С наступлением ночи Норико предательски покинула свой пост, сославшись на то, что кроме нас, придурков, и охраны, в здании NG никого не осталось, но предварительно все-таки осведомилась у Сегучи, почему он изволит пребывать в таком безобразном состоянии, а получив ответ, разразилась гневным воплем:

- Тома! Ты опять работал всю ночь?! Как так можно, совсем о себе не думаешь! Рюичи, проследи, чтобы он не заработался вусмерть.

- Так точно, Укаи-сан!

И мы остались одни.

М-да… Пока в студии с нами была Нори-чан, я пребывал во вполне рабочем настроении, несмотря на жару, с которой давно уже не справлялся безысходно пашущий кондиционер. Теперь же Тома всем своим видом не дает мне сосредоточиться: наш Мистер Безупречность, видимо, настолько одурел от духоты, что все-таки снял пиджак, в котором упорно просидел полдня, ослабил узел галстука и расстегнул ворот рубашки.
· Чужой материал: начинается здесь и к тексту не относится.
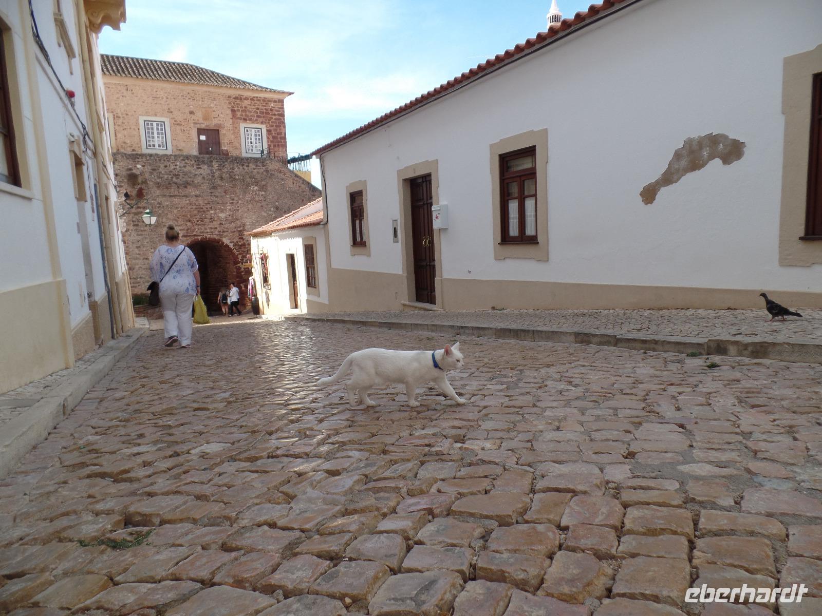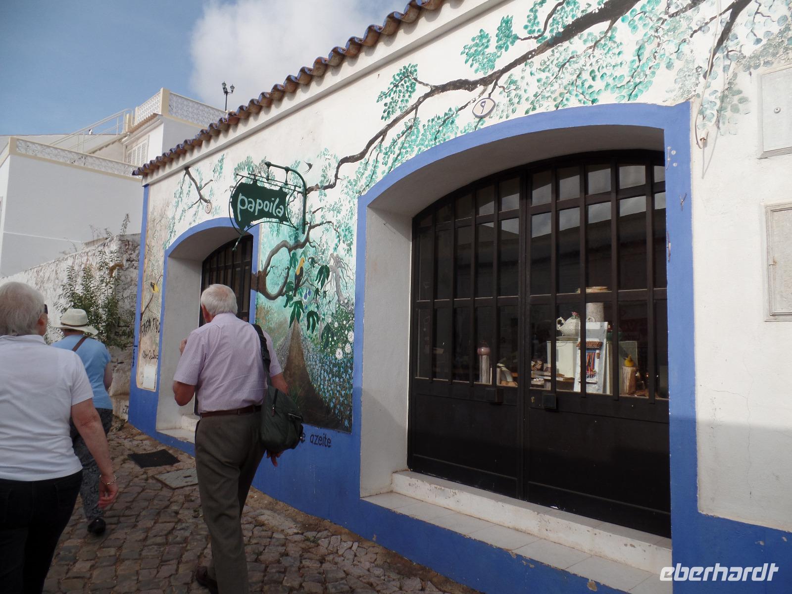 Die heutige Tagestour sollte uns das Hinterland der Algarve näher bringen. Wir fuhren Richtung Faro und bogen dann Richtung Alte ab. Dort angekommen spazierten wir entlang eines alten Kanals, immer in Begleitung einer alten Hundedame. Alte liegt in einem fruchtbaren Gebiet der Algarve und gilt als das typischste Dorf der Algarve. Louis führte uns ins Zentrum, erklärte viel über Geschichte, die alte Quelle und die typischen blauen Kacheln. Vorbei an der Kirche Igreja Matriz de Alte, die auch von Einigen aus der Reisegruppe besucht wurde, schlenderten wir durch das Dorf zum Treffpunkt. Der nächste idyllische Ort war Salir. Weiße kleine Häuschen, bunt blühende Bougainvilleas, welche die Wege säumten und ein kleines archäologisches Museum mit maurischen Ruinen standen auf dem Besichtigungsprogramm. Wir pausierten in dem verträumten Ort und genossen die Ruhe. In Loulé angekommen weckte als erstes die Markthalle unser Interesse. Leider waren die Stände im Begriff zu schließen, dennoch konnte man von der Vielfalt der angebotenen Produkte einen Eindruck erhaschen. Am Nachmittag fuhren wir weiter in das Landesinnere durch Korkeichenwälder nach Sombrage. Sombrage ist eines der Zentren der Korkindustrie, eine sehr wichtige Industrie für Portugal, da das Land der größte Hersteller weltweit ist. Bei einer Führung in einer örtlichen Korkfabrik wird uns dieses besondere Produkt und seine Verwendung näher gebracht. Es ist erstaunlich, was man alles daraus herstellen kann! Nicht nur die bekannten Weinkorken, sondern auch Handtaschen, Schmuck und sogar Regenschirme.
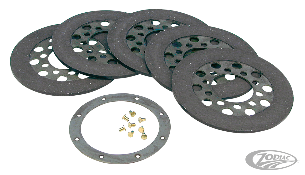 Beskrivelse Zodiacs berømte Full Plate clutchsett for alle Big Twin 1968 til 1984. Settet inkluderer 5 fullfriksjonsplater (OEM 37850-68) og clutchnavforingen med nagler (OEM 37549-41A). Fungerer vått eller tørt. |

Я таращусь на мелькающие в нем тонкие косточки чуть выступающих ключиц, а голова отказывается соображать, забывая текст песни в одном месте и вставляя в совершенно другом. Тома устало облокачивается на режиссерский пульт и вяло ругается, пытаясь призвать меня к порядку, кондиционер чихает и кашляет, а я смотрю на его узкие, чуть ссутуленные плечи, обтянутые белым шелком рубашки, и представляю, каково будет стиснуть их пальцами, оставляя на нежной коже синяки…

«Я хочу, чтобы он принадлежал мне».

- Рюичи-сан, ну что во мне такого интересного? Соберись уже, наконец. Я до сих пор еще не услышал от тебя того, что мне хотелось бы.

«Ах, так?»

Я решаю, что стеклянная перегородка в студии, разделяющая певца и режиссера звукозаписи, очень мешает общению. Снимаю наушники, вешаю их на микрофон и, напрочь игнорируя возмущенные взгляды Сегучи, направляюсь прямиком к нему.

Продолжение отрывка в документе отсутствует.